Nice video. It looks great we appreciate everything you did to help us out on Sat. It was great meeting you, Longcaster, Aero993 and Summerplay! Looking forward to seeing you again. Thanks!


----------



## catman (May 28, 2001)

LongRanger...Thanks for taking the time to produce that excellent video. I hope that all the regional boards have a chance to view it and see what can be done to keep their favorite clean. Hope to see you again.

Catman.


----------



## Hat80 (Sep 22, 2002)

*Thanks LongRanger,*

Great job on the video. I hope this gets the message to all how important it is to keep our spaces cleaned up. Hope to meet you again soon.

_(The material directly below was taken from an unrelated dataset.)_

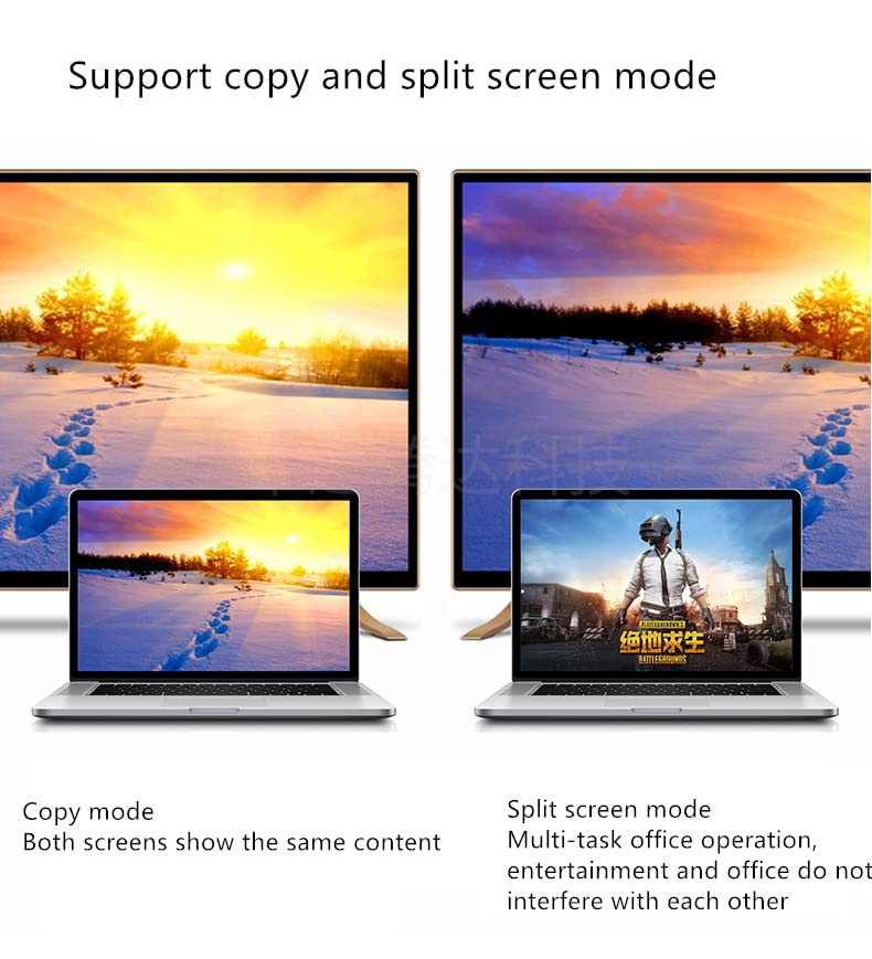 - لا يمكن لمحول USB إلى HDMI مزامنة الصورة مع الشاشة لمنحك متعة بصرية فحسب، بل يدعم أيضًا تمديد الكمبيوتر بشاشة عرض مقسمة لتعزيز كفاءة عملك. مثالي للترفيه عن الألعاب والمسرح المنزلي ومؤتمرات الفيديو وتدريب الشركات وما إلى ذلك.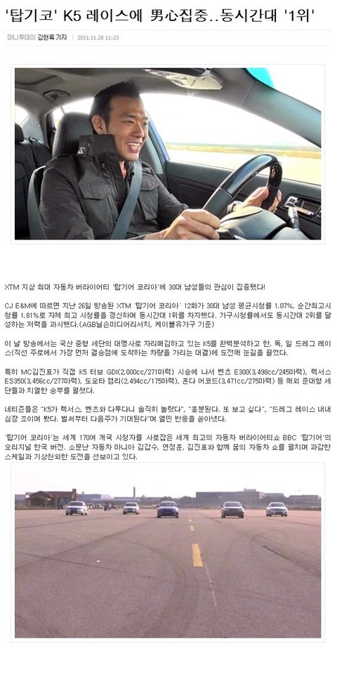 국내 차와 벤츠와의 비교를 통해서 동시간대 1위를 한 탑기코!!!!![]()

I'm going to post a link to the videos with the photos if thats ok with you. Again thanks, Hat80


__________________


----------



## WarMachine (Mar 7, 2003)

*Great Video*

Great camera work LongRanger. i look forward to seeing you at the fishing tournament.

MC


----------



## Orest (Jul 28, 2003)

I wasn't there but my hats off to you all for a job well done.


----------



## BigJeff823 (Oct 14, 2002)

Theres no trash in the pitures good job;wish I was there.I had to work that day:barf:


----------



## shaggy (Jun 18, 2003)

Thanks for the video, what a "TEAM" event.


----------



## Summerplay (Aug 26, 2002)

Great video,applause to everyone for a job well done. It was great meeting everyone, until we meet again. 

Summerplay


----------